#### [Records]
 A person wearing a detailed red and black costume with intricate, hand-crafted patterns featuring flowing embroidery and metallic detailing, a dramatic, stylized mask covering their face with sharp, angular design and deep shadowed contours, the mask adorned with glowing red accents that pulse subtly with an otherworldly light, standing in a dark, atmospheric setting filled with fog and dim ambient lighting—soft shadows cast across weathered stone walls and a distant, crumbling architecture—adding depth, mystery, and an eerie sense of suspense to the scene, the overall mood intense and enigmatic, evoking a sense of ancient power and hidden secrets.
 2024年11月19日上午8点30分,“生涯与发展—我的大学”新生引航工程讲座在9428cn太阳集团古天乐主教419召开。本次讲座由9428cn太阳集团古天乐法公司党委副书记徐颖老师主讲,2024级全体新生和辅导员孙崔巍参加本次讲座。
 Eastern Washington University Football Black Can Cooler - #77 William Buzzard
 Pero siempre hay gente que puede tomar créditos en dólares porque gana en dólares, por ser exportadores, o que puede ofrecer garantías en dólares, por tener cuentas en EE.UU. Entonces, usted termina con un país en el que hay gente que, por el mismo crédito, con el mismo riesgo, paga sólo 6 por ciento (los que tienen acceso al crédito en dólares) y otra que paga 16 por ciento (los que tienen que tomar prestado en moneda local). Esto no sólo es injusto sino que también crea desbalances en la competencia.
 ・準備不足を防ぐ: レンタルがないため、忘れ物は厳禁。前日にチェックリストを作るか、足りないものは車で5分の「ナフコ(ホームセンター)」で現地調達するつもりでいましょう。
...
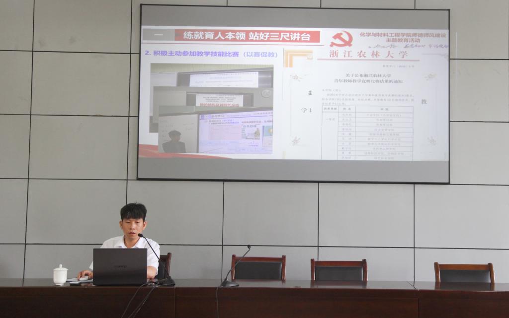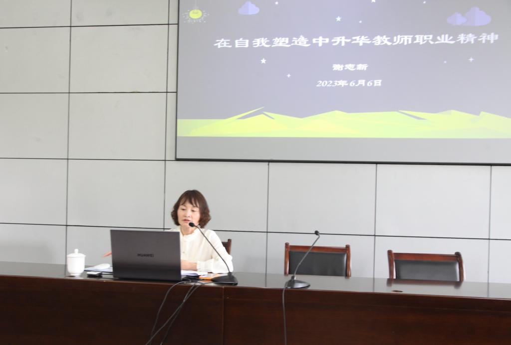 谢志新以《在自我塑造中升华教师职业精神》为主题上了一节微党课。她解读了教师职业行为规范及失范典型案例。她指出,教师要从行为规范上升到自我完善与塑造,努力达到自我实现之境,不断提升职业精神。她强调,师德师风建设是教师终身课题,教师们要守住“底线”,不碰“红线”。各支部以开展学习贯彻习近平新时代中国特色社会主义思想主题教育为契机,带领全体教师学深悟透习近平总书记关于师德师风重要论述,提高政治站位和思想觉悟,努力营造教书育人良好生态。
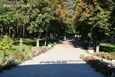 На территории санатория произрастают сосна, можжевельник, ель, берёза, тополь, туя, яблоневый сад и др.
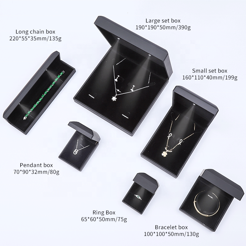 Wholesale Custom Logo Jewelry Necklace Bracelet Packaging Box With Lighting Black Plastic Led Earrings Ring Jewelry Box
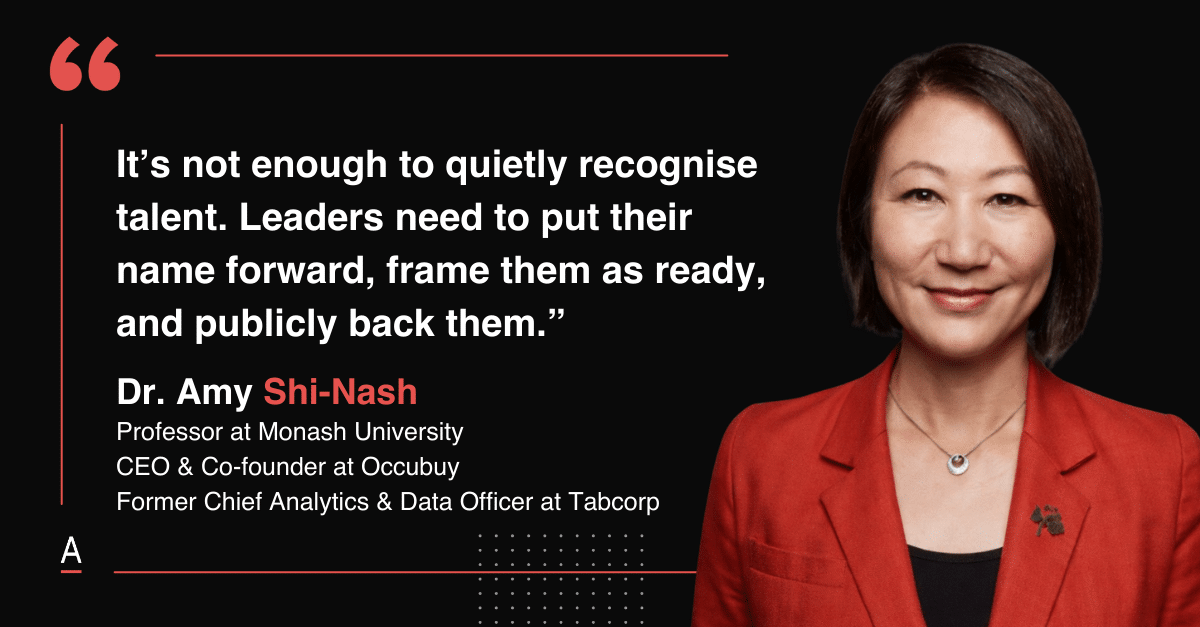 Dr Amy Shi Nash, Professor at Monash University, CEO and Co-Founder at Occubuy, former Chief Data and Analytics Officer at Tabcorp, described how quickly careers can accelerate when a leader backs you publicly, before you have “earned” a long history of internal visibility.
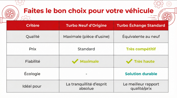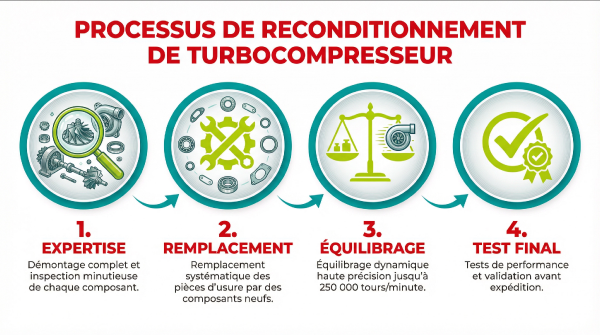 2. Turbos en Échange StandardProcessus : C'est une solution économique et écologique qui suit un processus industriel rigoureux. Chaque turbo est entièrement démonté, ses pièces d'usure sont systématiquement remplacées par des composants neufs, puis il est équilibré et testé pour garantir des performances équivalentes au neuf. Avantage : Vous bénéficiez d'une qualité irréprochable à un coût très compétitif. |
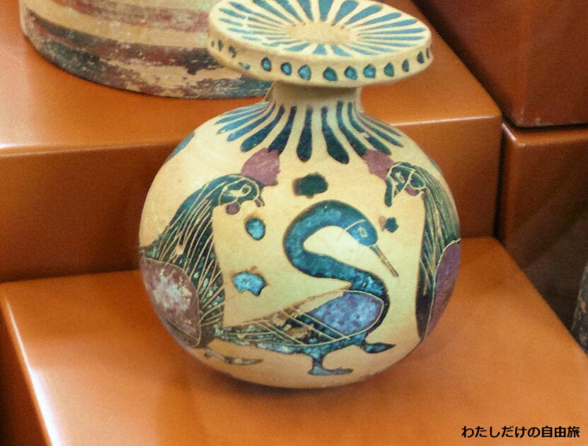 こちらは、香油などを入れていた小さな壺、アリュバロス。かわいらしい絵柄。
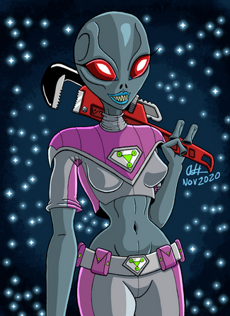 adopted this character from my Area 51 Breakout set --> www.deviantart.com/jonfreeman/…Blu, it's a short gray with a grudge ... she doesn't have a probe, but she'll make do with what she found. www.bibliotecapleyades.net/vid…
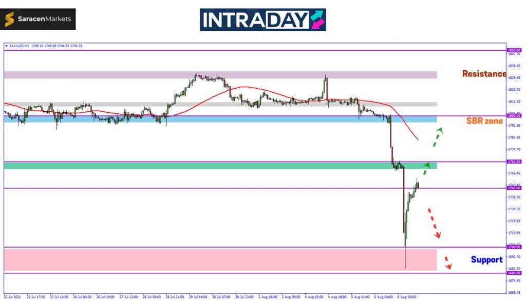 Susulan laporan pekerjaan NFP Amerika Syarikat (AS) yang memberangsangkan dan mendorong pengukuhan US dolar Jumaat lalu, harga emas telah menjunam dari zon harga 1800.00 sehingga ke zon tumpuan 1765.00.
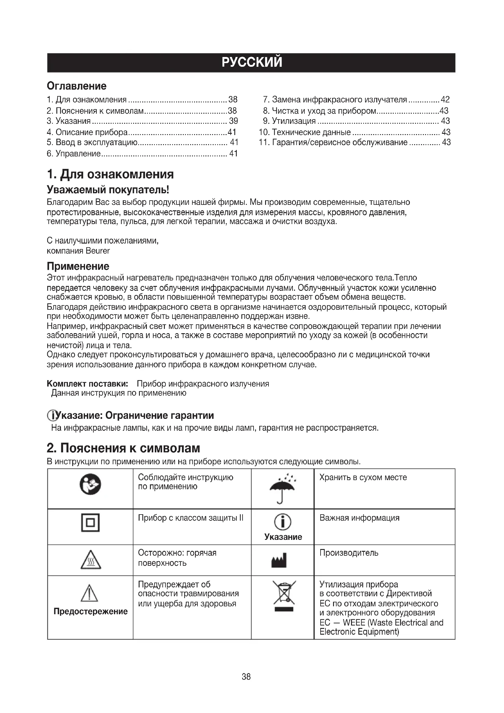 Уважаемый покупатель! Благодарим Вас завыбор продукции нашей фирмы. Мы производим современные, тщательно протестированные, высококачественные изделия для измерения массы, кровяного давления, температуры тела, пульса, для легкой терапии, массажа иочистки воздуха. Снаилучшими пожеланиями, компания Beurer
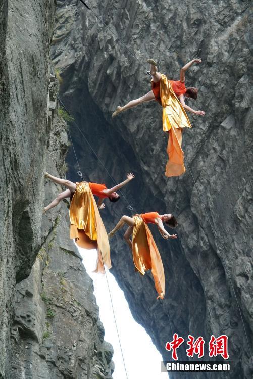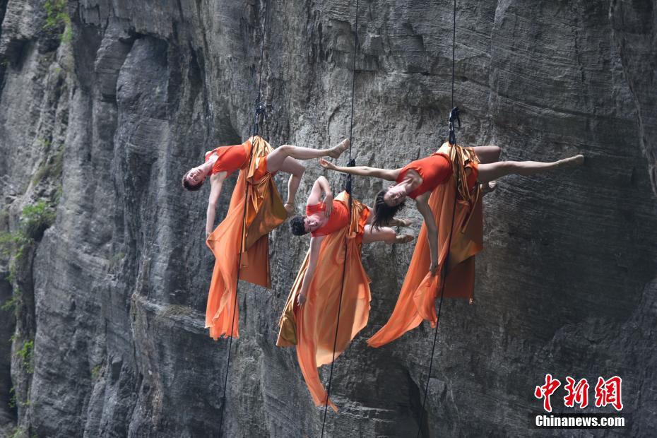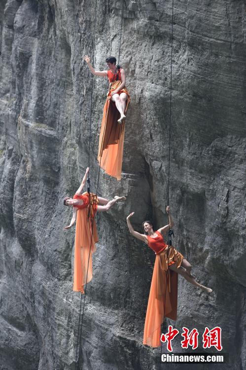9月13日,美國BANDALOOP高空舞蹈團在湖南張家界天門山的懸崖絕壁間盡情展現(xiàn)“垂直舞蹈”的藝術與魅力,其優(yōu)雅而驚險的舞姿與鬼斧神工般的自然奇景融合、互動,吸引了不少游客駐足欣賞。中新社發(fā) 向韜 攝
...
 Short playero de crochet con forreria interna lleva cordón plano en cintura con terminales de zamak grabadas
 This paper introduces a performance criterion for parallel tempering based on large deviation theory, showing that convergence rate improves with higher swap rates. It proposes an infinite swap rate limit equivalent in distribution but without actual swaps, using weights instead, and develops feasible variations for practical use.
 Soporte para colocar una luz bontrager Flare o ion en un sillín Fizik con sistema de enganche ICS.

#### [Task instructions]
Taking the lines above, repeat exactly those from the line that contains "2024年11月19日上午8" through the line that contains "Eastern Washington University", and both of those lines as well. Include nothing else.

#### [Exercise response]
 2024年11月19日上午8点30分,“生涯与发展—我的大学”新生引航工程讲座在9428cn太阳集团古天乐主教419召开。本次讲座由9428cn太阳集团古天乐法公司党委副书记徐颖老师主讲,2024级全体新生和辅导员孙崔巍参加本次讲座。
 Eastern Washington University Football Black Can Cooler - #77 William Buzzard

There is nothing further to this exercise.